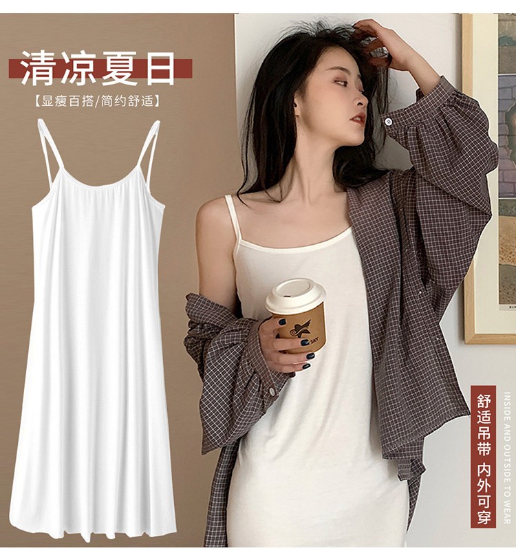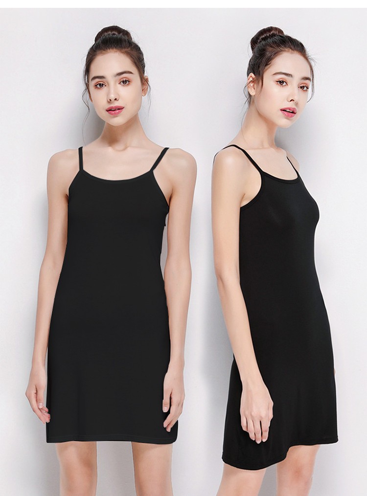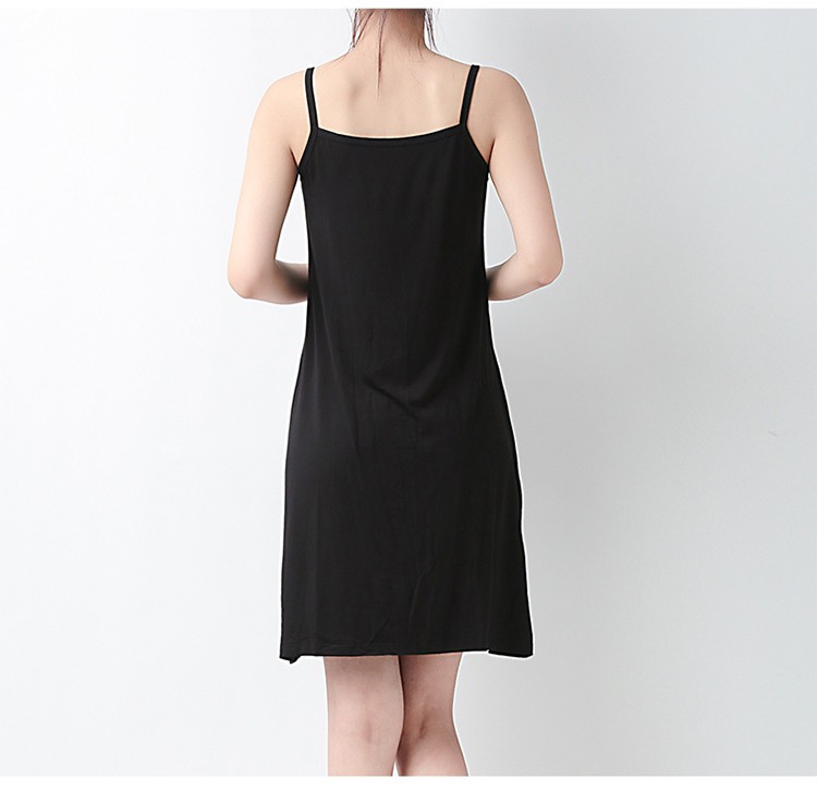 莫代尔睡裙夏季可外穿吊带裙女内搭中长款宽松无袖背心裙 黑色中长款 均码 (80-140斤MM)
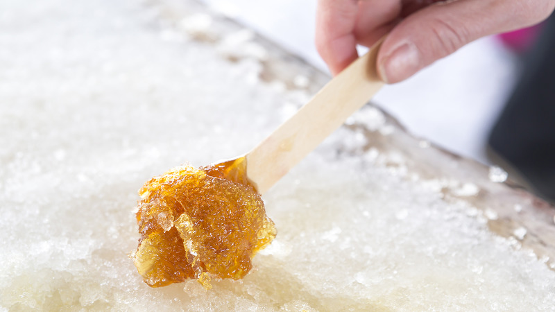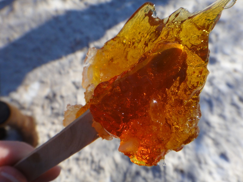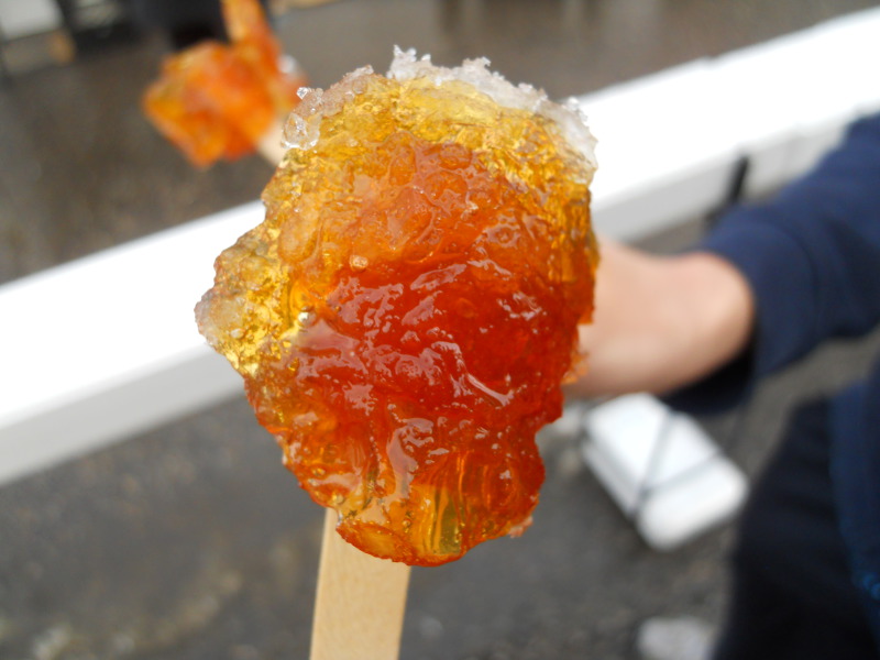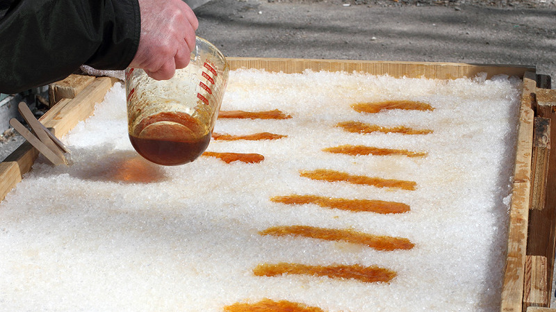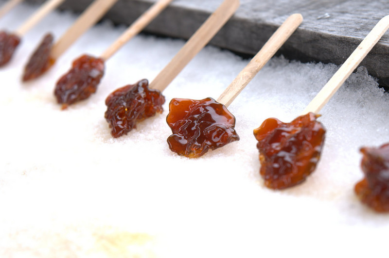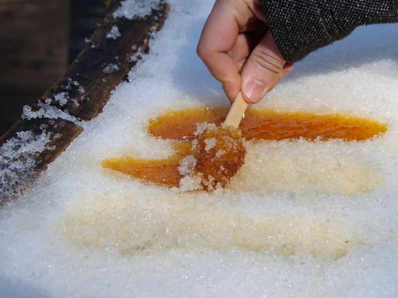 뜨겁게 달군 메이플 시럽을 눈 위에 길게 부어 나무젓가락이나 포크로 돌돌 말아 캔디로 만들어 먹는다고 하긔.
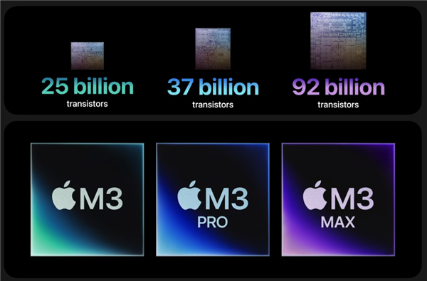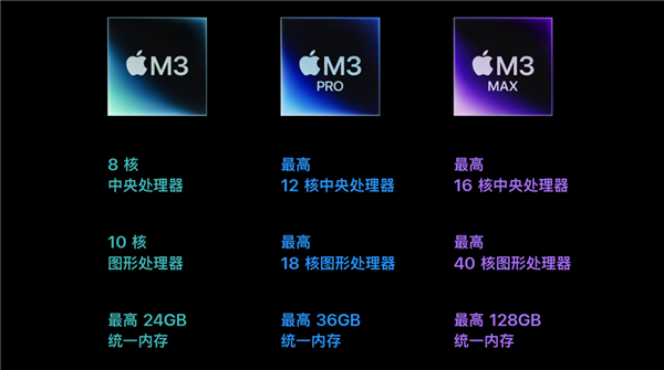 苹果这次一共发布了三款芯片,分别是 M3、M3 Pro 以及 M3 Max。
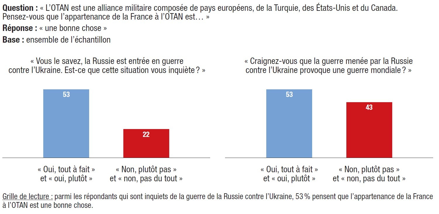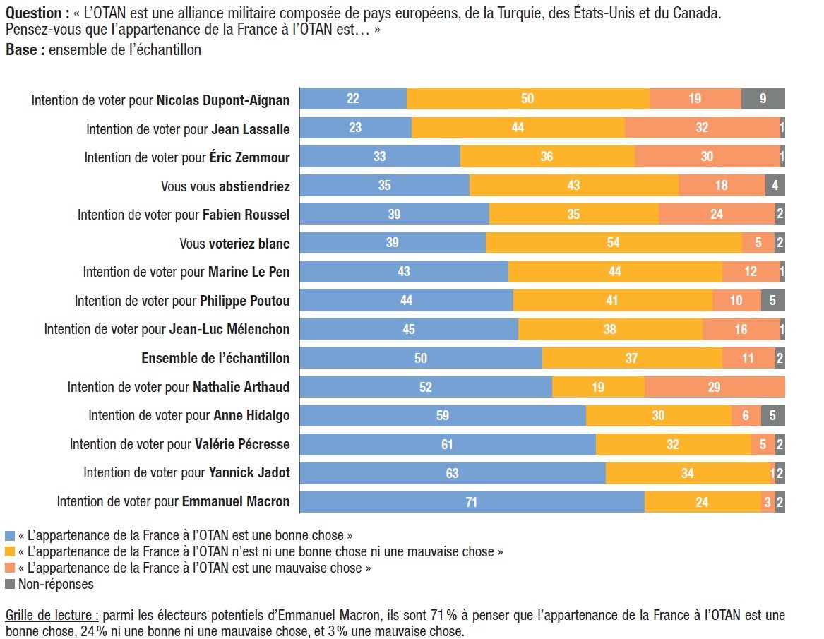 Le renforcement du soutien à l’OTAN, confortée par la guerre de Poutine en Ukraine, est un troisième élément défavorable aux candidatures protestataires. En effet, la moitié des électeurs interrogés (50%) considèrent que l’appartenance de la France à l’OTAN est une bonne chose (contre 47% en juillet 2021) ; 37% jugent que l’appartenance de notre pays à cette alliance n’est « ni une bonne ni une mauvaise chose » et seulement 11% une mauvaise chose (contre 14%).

Problem description — Copy exactly the lines running from the line with "뜨겁게 달군 메이플 시럽을" to the final line of the listing, keeping both ends and dropping any picture.

Answer area —
 뜨겁게 달군 메이플 시럽을 눈 위에 길게 부어 나무젓가락이나 포크로 돌돌 말아 캔디로 만들어 먹는다고 하긔.
 苹果这次一共发布了三款芯片,分别是 M3、M3 Pro 以及 M3 Max。
 Le renforcement du soutien à l’OTAN, confortée par la guerre de Poutine en Ukraine, est un troisième élément défavorable aux candidatures protestataires. En effet, la moitié des électeurs interrogés (50%) considèrent que l’appartenance de la France à l’OTAN est une bonne chose (contre 47% en juillet 2021) ; 37% jugent que l’appartenance de notre pays à cette alliance n’est « ni une bonne ni une mauvaise chose » et seulement 11% une mauvaise chose (contre 14%).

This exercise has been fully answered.